Il s’agit donc non pas de créer une présomption d’irresponsabilité pénale, contrairement à ce que certains pourraient prétendre, mais bien de permettre aux policiers de répondre dans l’urgence à des agressions et dangers imminents précisément listés, qui sont les mêmes que pour les gendarmes. La liste, nous la connaissons.
Cette possibilité de recourir à la force armée n’enjoint pas à l’agent public d’utiliser exclusivement une arme mortelle. L’utilisation d’une arme non létale ayant causé une blessure regrettable, très grave, a d’ailleurs amené pour la première fois aujourd’hui même une cour d’assises à condamner un gendarme à deux ans de prison.
Je vous appelle donc, mes chers collègues de la majorité, à défendre, en adoptant cette très attendue proposition de loi, réclamée par les syndicats de policiers, ceux qui risquent leur vie pour leurs concitoyens et à qui la nation, notamment dans le cadre du plan Vigipirate alerte attentat, demande un sacrifice et un dévouement constants. Ils ne sauraient comprendre un simple rejet de ce texte alors même que vous, monsieur le ministre, ou la majorité, pourriez l’amender.

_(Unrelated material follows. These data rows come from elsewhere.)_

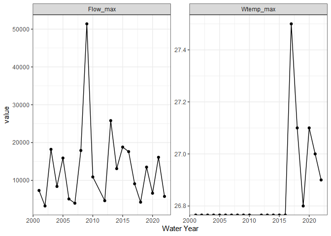 pivot_longer(c('Wtemp_max', 'Flow_max')) %>%
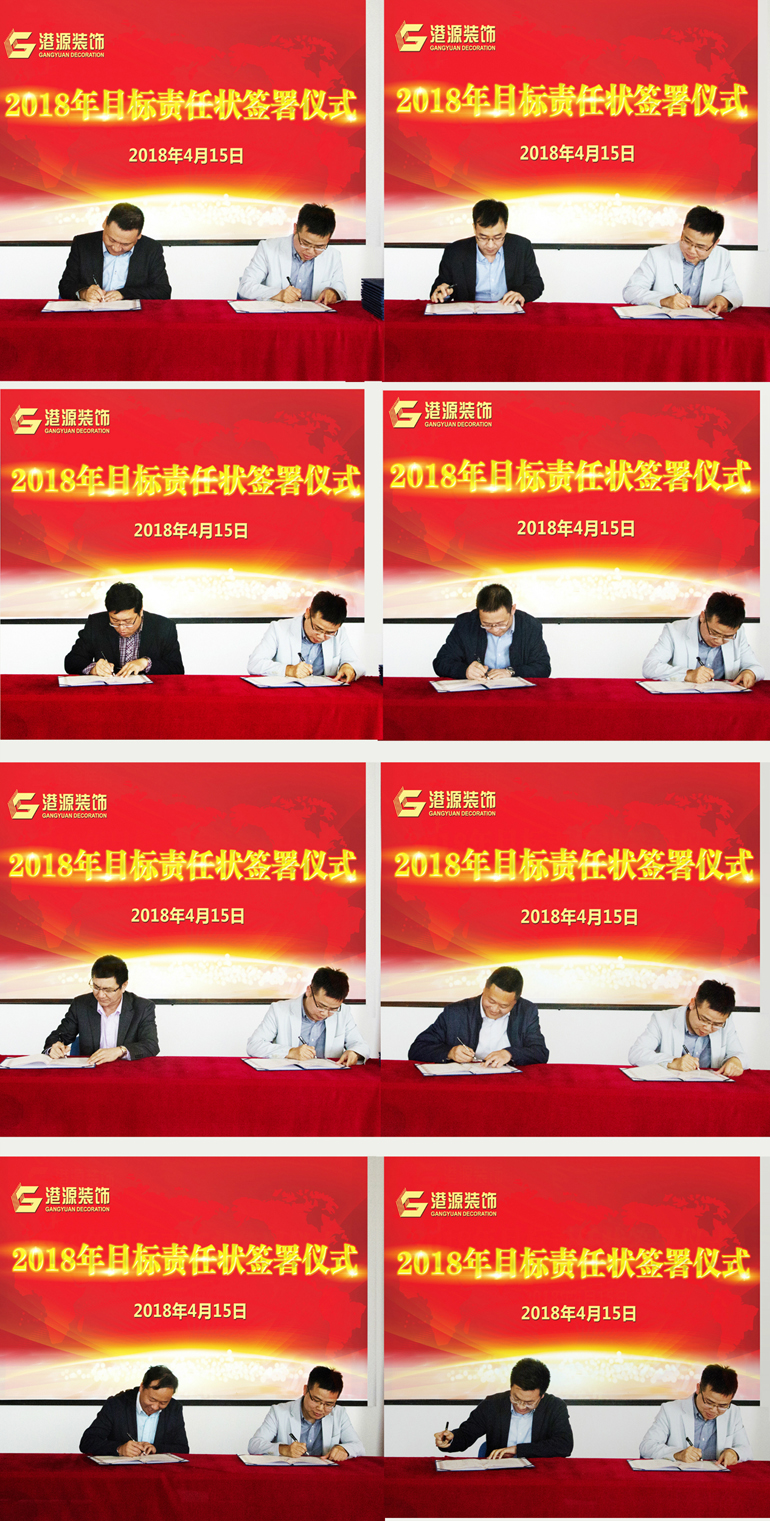 為全面落實(shí)公司年度戰(zhàn)略目標(biāo),強(qiáng)化績效和激勵(lì)機(jī)制,4月15日,港源裝飾各運(yùn)營分公司在會(huì)議上簽署了2018年度目標(biāo)責(zé)任狀,并明確地將年度目標(biāo)層層下達(dá),使“年初有計(jì)劃、年底有考核”的閉環(huán)管理模式真正實(shí)現(xiàn)落地!
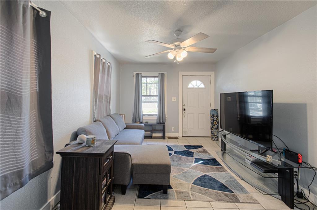 Living room with light tile patterned floors, ceiling fan, and a textured ceiling
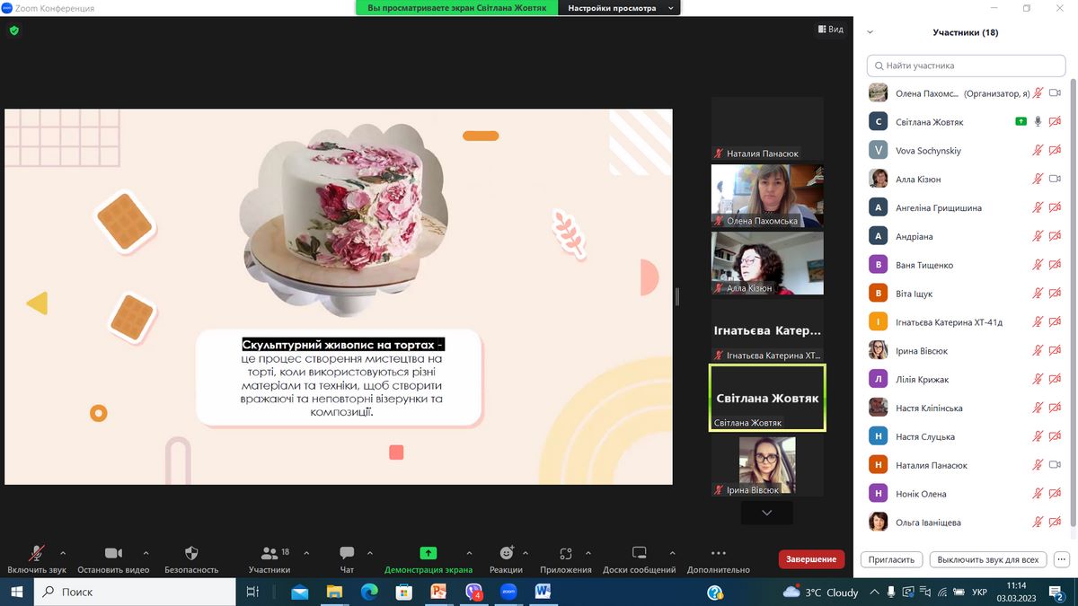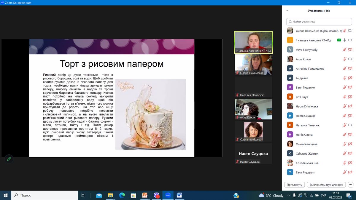 - Маримора Адріана (гр. ХТ-31д) – доповідь на тему «Килимові та кошлаті торти»;

Le groupe UMP espère que vos appels à l’union nationale ne resteront pas lettre morte une fois de plus, non par respect de l’opposition, qui, pour sa part, respecte cet esprit en votant vos lois antiterroristes et demain une loi sur le renseignement bien qu’elle ne constate pas forcément de réciprocité s’agissant de ses propres propositions de loi, mais par respect pour les policiers, pour lesquels, je le sais, vous avez une très grande estime et une très grande admiration, et qui méritent un bouclier législatif.